Saturday, November 5, 2011

Council of Local Presidents

Linda Alder of the State Office of Education came to speak on the Educator Effectiveness Project.  The standards are on a continuum of professional teaching practice and are tied to the Common Core.  The Project is now working on aligning Teacher Preparation Programs and preparing an evaluation system for university preparation programs.  This will not be a full-on accreditation program, but it will require a yearly report.  This would look at the part of the program that recommends teachers for licensure.  Another committee will develop support tools for teachers.  See Educator Effectiveness Project website for more information.  See UEN for professional standards. 

The Joint Educator Evaluation Committee  needs to review JPAS and communicate with stakeholders.  Districts should "recognize" great teaching and have "consequences" for poor teaching.  Concern about districts only using a summative evaluation (JPAS observation) and not following through with the formative evaluation (JPAS interim) to help support teachers who need help.  There must also be an annual rating (federal requirement) of Highly Effective, Effective, or Ineffective.  Linda hopes an interview part can be added.  Research shows that having a third party evaluator can provide a more valid evaluation.

Three pieces in annual rating include measures of instructional quality (i.e.

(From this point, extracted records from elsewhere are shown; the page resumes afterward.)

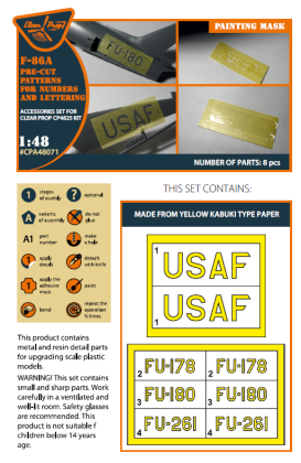 1:48 F-86A Sabre pre-cut patterns for numbers and lettering painting mask on yellow kabuki paper for CP4825 kit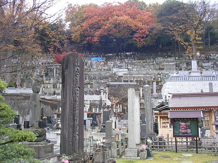 墓苑裏手・南向き斜面の上は織姫山、足利のシンボル織姫神社や織姫公園が広がる。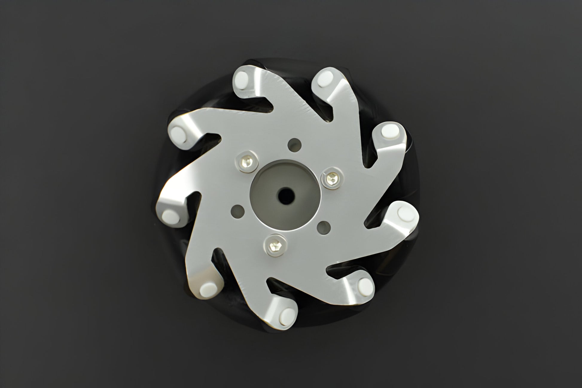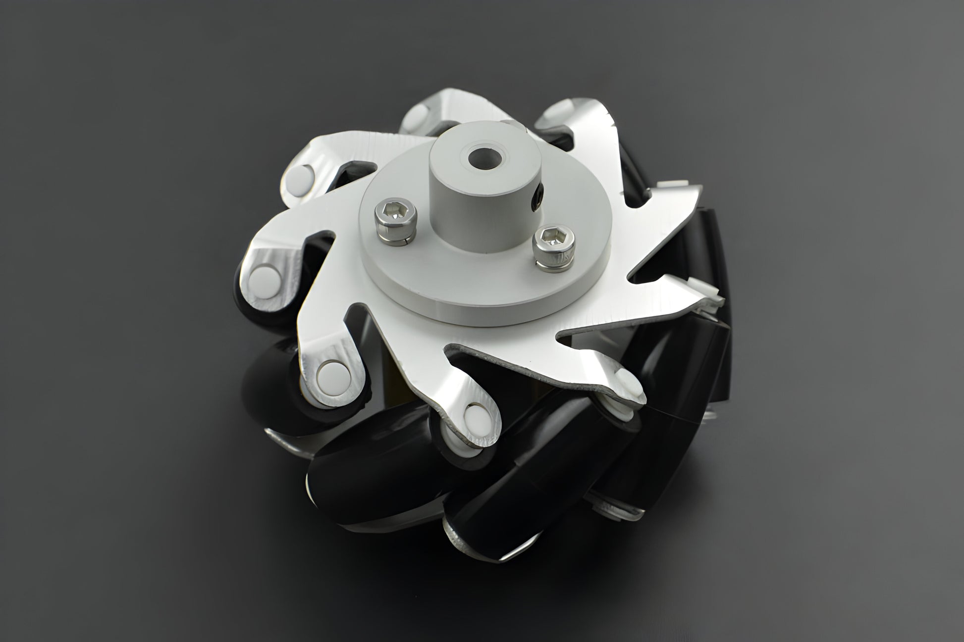 Different from the ordinary Mecanum wheel, this wheel, with better quality and texture, is equipped with metal exterior structure and has its own coupling matching with various motor shafts, which makes it quite easy to install. This Mecanum wheel has a diameter of 65mm and is composed of 9 small rollers that are made of plastic and coated with quality and high-friction silicone rubber, which are rugged and impact-resistant.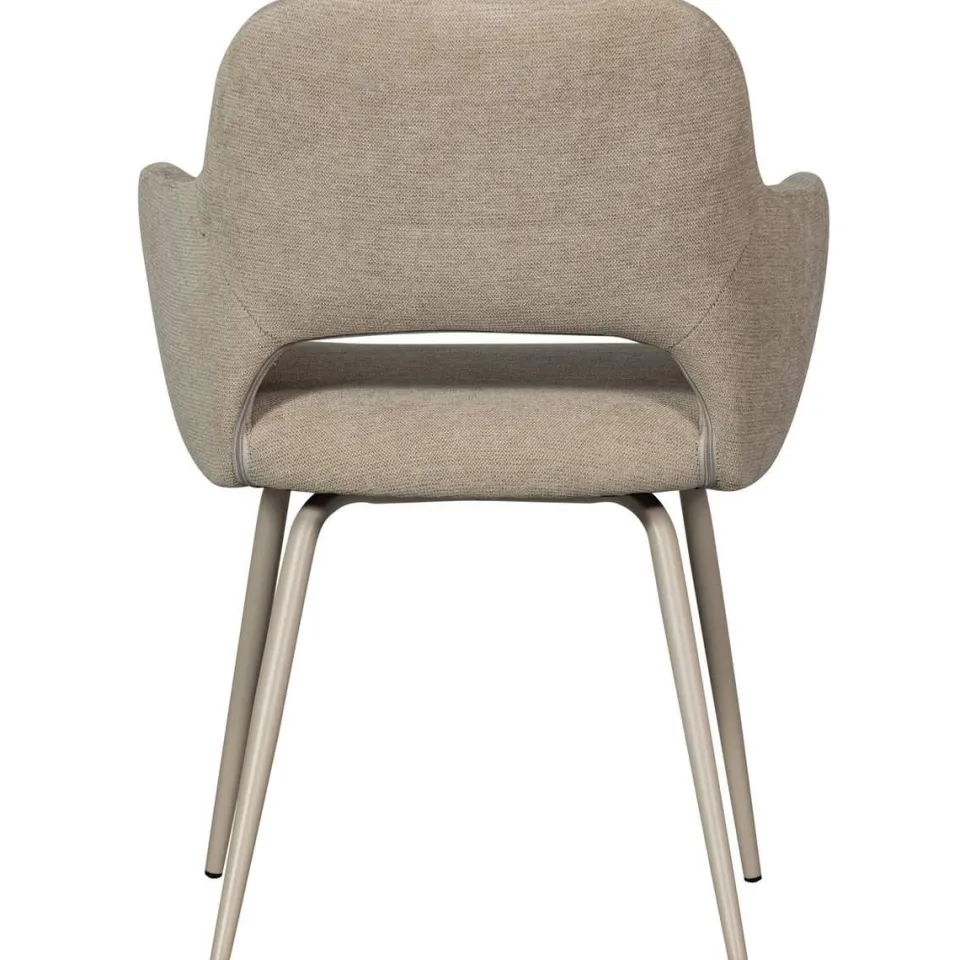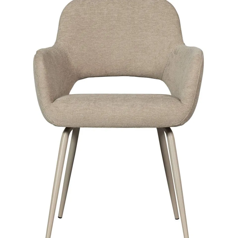 Om de stof mooi te houden, raden we aan de stoel regelmatig te stofzuigen met een zachte meubelborstel. Voor extra bescherming tegen vlekken kun je een textiel impregneerspray gebruiken, die eenvoudig mee te bestellen is. Plaats viltjes onder de poten om je vloer te beschermen tegen krassen.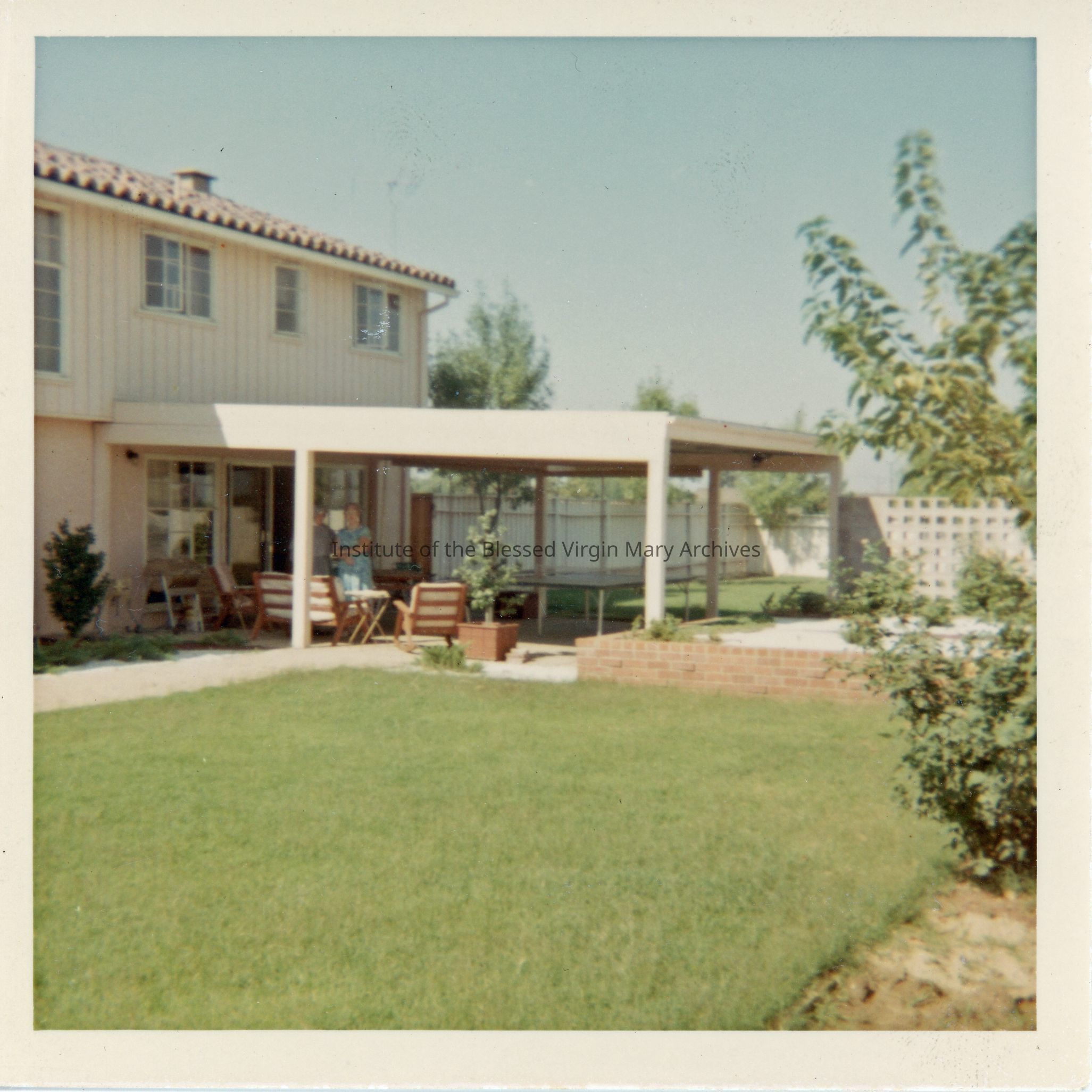 The IBVM Convent at Our Lady of the Assumption Parish in Carmichael, California. There are two unidentified women on the backyard patio.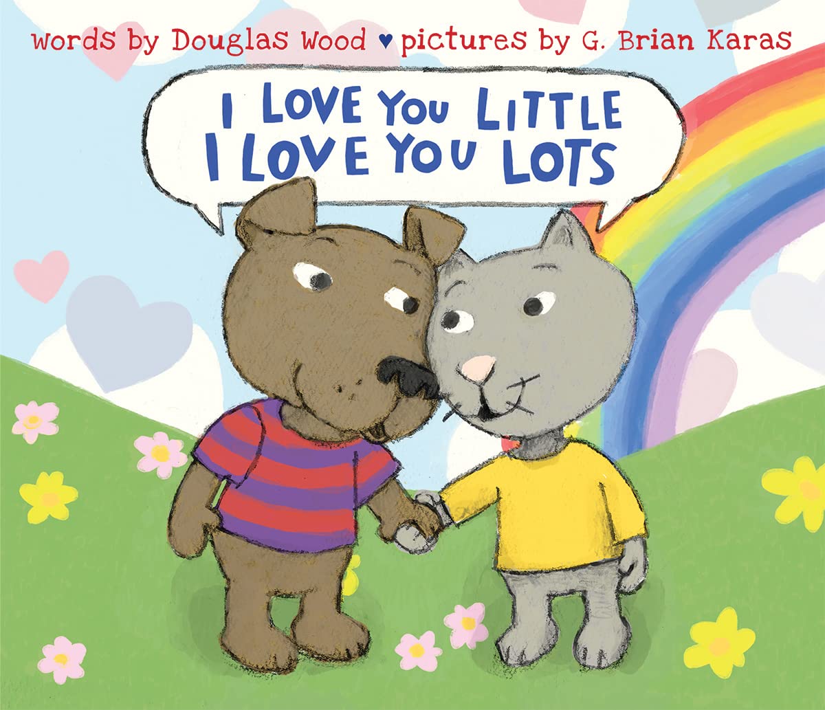PreS-K–A wonderful exploration of friendship, Wood’s picture book offers a wealth of wordplay and rhyme. Opposites, such as “little” and “lot” are juxtaposed to emphasize the range of the love being expressed. Amounts that could fill buckets and cake pans, or a love so large it could reach miles are also described. Comparisons, similes, and amusing adjectives work together in the affectionate banter between the characters. Pencil and digital media illustrations support the playful text. The two friends (a cat and dog) board a train; one speaks from the engine, while the other answers from the caboose. Readers also see them swim at the beach, fly kites, and enjoy a sunset picnic as they describe their bond. The font developed from Karas’s own hand-lettering is a personal touch that matches the cozy mood of the book.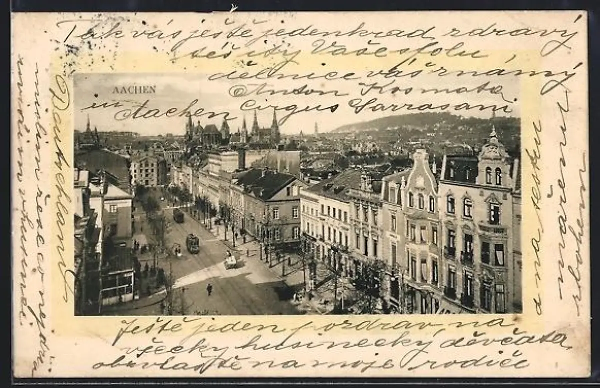 AK Aachen, Strassenpartie mit Fernblick auf den Aachener Dom, Strassenbahn

JPAS), evidence of student growth (i.e. benchmark tests), and parent and student input (i.e. unknown survey).  Districts can define other factors to add to the annual rating.  There is also an administrator version.  The State Board requires all licensed professionals receive a rating, except for superintendents.  The next couple of years are going to be hard as we make this transition.

Educator Day on the Hill will be held on Fridays throughout the Legislative Session. 

In the upcoming legislative battles, we will need all members to do ONE thing they have never done before.  See this video on the difference one degree can make.  You can make the difference.  Key issues in education include:
  • attacks on collective bargaining
  • eliminate payroll deduction for association dues
  • public education employment reform
  • orderly termination
  • TABOR (taxpayer bill of rights)
  • tuition tax credits (vouchers)
  • merit pay
  • tenure
  • evaluation
  • school board governance
  • public education funding
  • parent trigger (majority of parents could vote to change school into a charter)
One way to help the association be proactive in breaking the view that UEA protects bad teacher is to start a Peer Assistance Review (PAR) program.  The UEA Board will look at sending a bill to the legislature about PAR in an effort to police our own teaching ranks, raising the bar on professionalism.

E-Z pay dues transition from payroll deduction to electronic fund transfer (EFT) for payment of dues.  AR's will be trained on how to "flip" to E-Z pay at the meeting on November 16.  Another option will be to pay by credit card.  E-Z pay will come out of your account on the third of the month starting in October 2012.  This program will force JEA to go from 12 payment to 10 payments, causing an increase in the monthly amount from October to July with no dues withdrawl in  August or September.